### WORK INSTRUCTION
Copy, word for word, the lines of the listing below from the line with "圖:臺灣輿論多次抨擊蔡英文上" up to and including the line with "DAY OR NIGHT, RAIN". Drop the pictures.

### RECORDS SHOWN
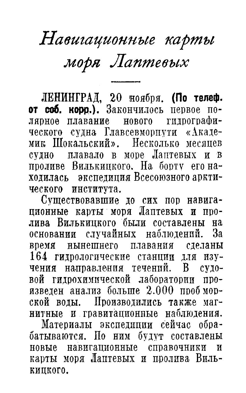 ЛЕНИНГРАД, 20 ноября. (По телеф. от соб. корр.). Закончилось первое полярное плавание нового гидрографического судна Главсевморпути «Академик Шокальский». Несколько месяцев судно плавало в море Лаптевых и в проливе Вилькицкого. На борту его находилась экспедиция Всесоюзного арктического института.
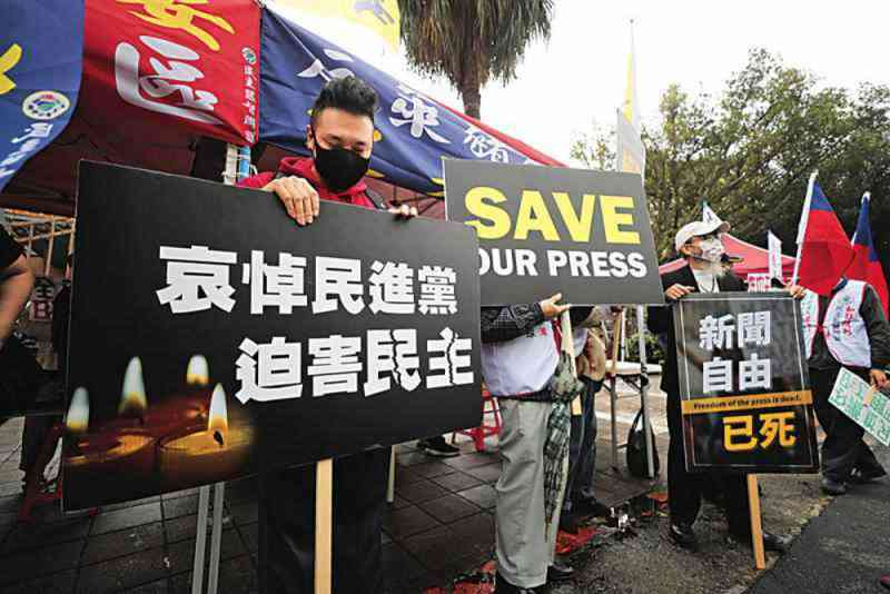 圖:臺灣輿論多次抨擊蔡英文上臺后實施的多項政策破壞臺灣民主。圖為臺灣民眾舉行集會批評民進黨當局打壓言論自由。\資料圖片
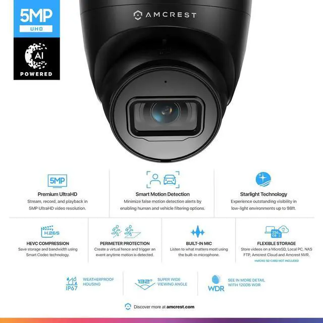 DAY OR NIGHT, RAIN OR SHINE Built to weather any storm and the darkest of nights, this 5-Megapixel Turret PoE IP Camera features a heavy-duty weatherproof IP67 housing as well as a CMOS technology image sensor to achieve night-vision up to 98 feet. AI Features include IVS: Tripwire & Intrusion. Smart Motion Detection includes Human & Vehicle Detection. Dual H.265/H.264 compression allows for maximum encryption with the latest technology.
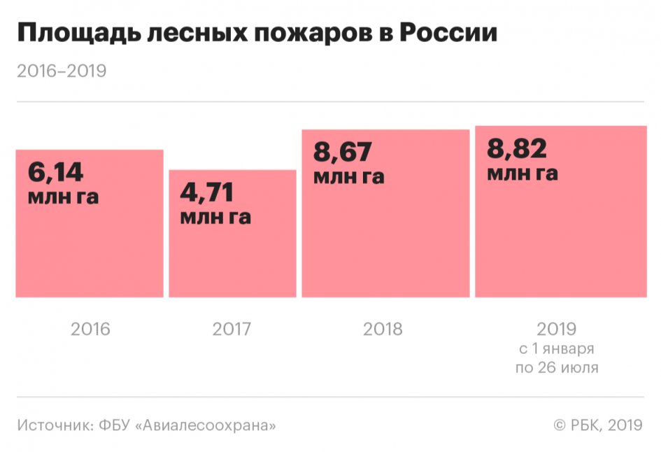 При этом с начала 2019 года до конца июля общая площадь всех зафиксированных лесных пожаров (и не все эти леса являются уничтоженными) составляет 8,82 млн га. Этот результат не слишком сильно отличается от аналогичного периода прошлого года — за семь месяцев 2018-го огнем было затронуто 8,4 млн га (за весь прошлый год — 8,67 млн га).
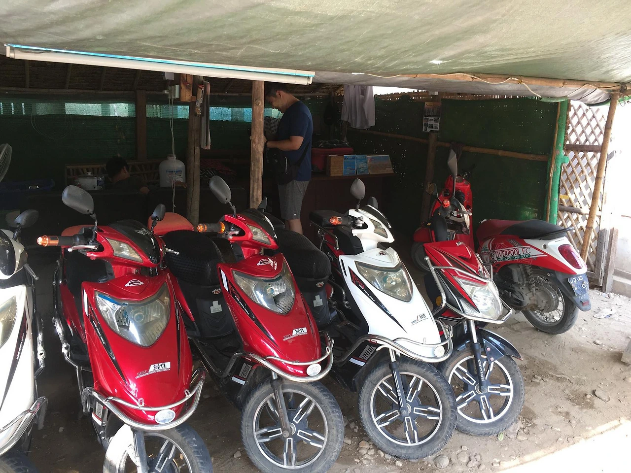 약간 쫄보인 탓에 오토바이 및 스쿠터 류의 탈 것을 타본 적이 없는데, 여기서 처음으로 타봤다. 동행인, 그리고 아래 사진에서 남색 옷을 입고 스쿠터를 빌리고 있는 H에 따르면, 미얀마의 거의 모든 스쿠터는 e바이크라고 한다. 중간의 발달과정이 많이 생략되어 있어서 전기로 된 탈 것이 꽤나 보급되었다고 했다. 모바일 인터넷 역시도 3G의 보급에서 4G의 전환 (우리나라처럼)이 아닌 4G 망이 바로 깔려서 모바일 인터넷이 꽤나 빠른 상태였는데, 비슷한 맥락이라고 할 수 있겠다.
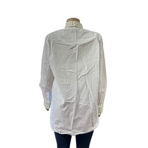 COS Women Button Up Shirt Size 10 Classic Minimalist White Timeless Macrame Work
--
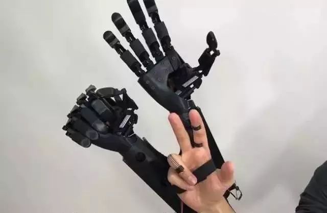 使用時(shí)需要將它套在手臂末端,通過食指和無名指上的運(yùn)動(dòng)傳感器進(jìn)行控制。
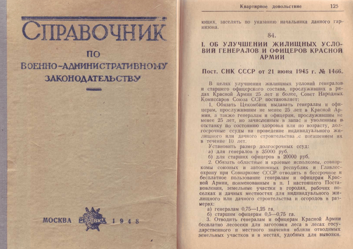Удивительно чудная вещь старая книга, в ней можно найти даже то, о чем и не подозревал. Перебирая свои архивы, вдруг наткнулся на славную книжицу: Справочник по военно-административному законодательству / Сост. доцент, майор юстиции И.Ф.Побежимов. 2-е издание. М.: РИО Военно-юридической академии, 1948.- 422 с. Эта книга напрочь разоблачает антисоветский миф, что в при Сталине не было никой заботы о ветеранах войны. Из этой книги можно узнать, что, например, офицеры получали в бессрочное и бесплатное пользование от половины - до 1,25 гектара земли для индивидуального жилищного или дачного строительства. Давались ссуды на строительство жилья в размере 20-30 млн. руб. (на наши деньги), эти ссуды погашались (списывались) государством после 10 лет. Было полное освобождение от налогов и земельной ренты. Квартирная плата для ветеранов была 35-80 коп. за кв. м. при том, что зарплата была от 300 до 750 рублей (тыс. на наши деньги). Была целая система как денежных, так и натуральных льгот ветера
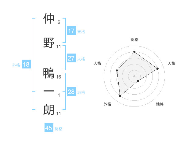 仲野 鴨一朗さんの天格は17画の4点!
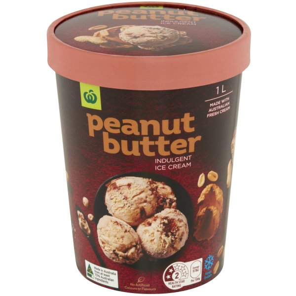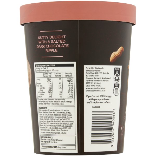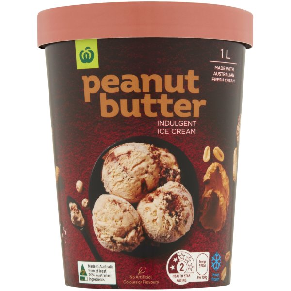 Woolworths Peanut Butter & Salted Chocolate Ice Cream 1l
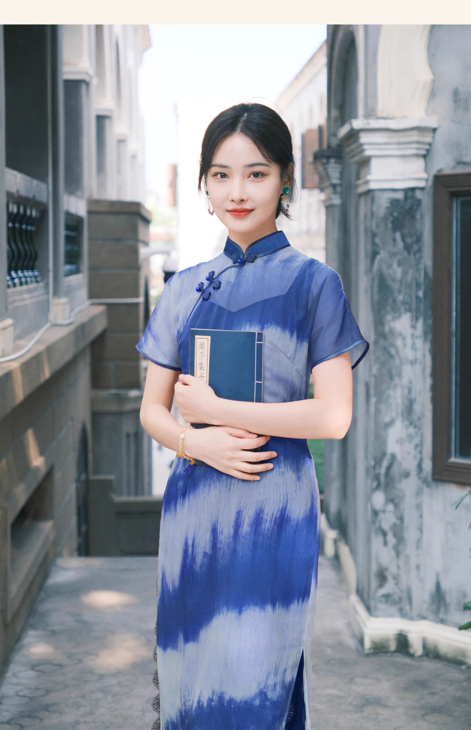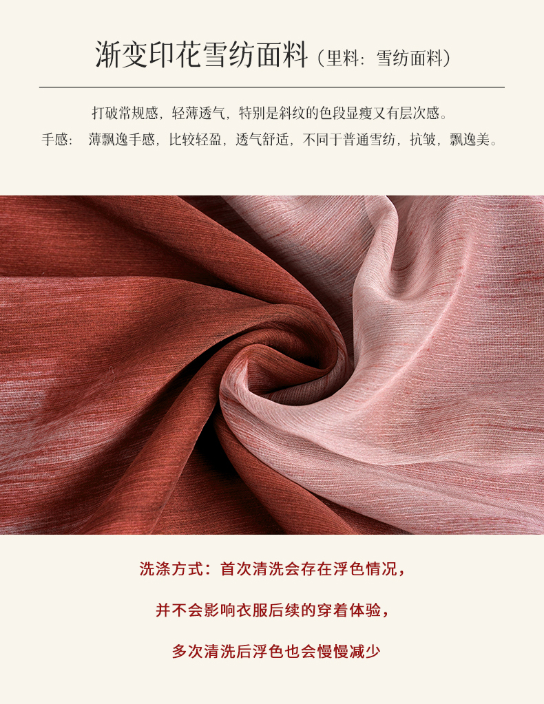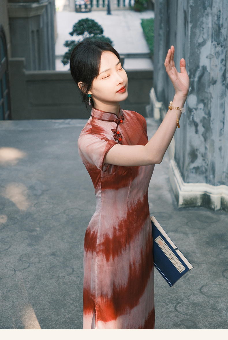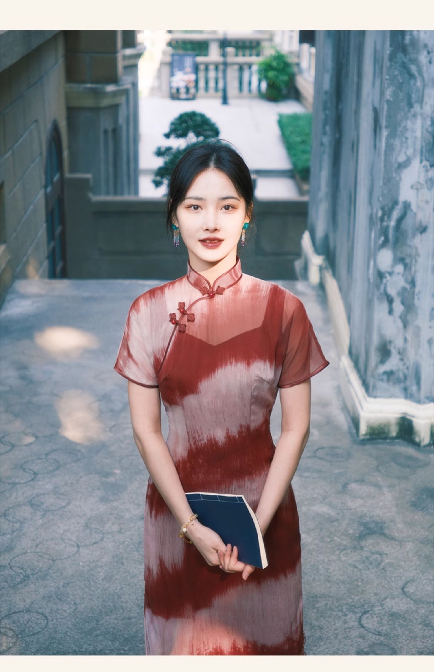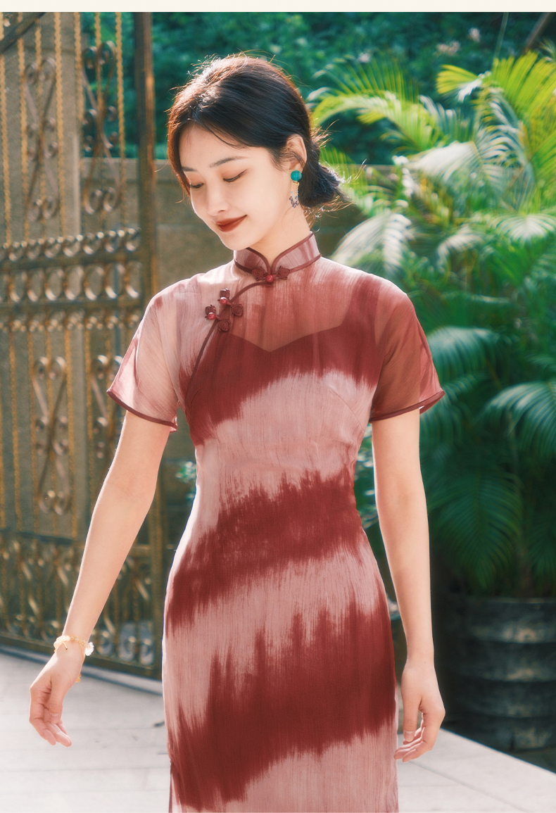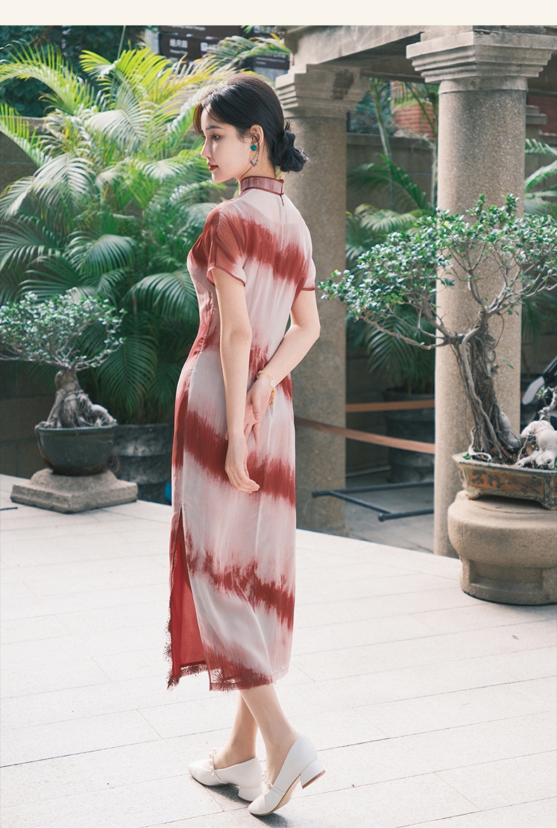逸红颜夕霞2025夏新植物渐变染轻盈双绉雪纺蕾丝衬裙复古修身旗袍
--
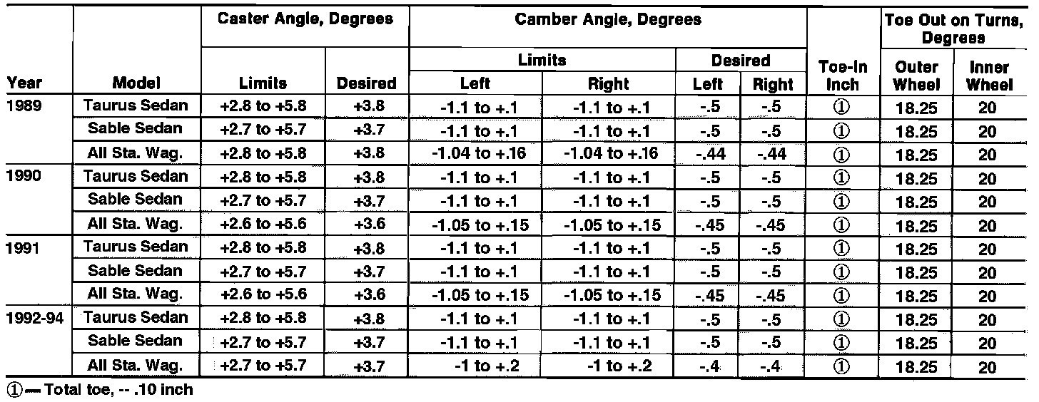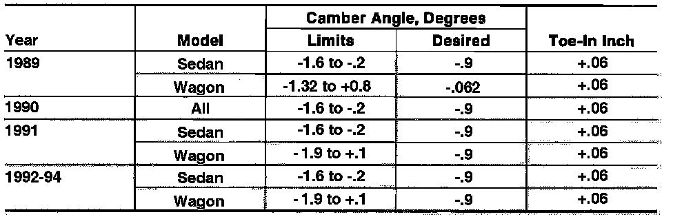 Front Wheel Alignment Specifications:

### WRITTEN RESPONSE
 圖:臺灣輿論多次抨擊蔡英文上臺后實施的多項政策破壞臺灣民主。圖為臺灣民眾舉行集會批評民進黨當局打壓言論自由。\資料圖片
 DAY OR NIGHT, RAIN OR SHINE Built to weather any storm and the darkest of nights, this 5-Megapixel Turret PoE IP Camera features a heavy-duty weatherproof IP67 housing as well as a CMOS technology image sensor to achieve night-vision up to 98 feet. AI Features include IVS: Tripwire & Intrusion. Smart Motion Detection includes Human & Vehicle Detection. Dual H.265/H.264 compression allows for maximum encryption with the latest technology.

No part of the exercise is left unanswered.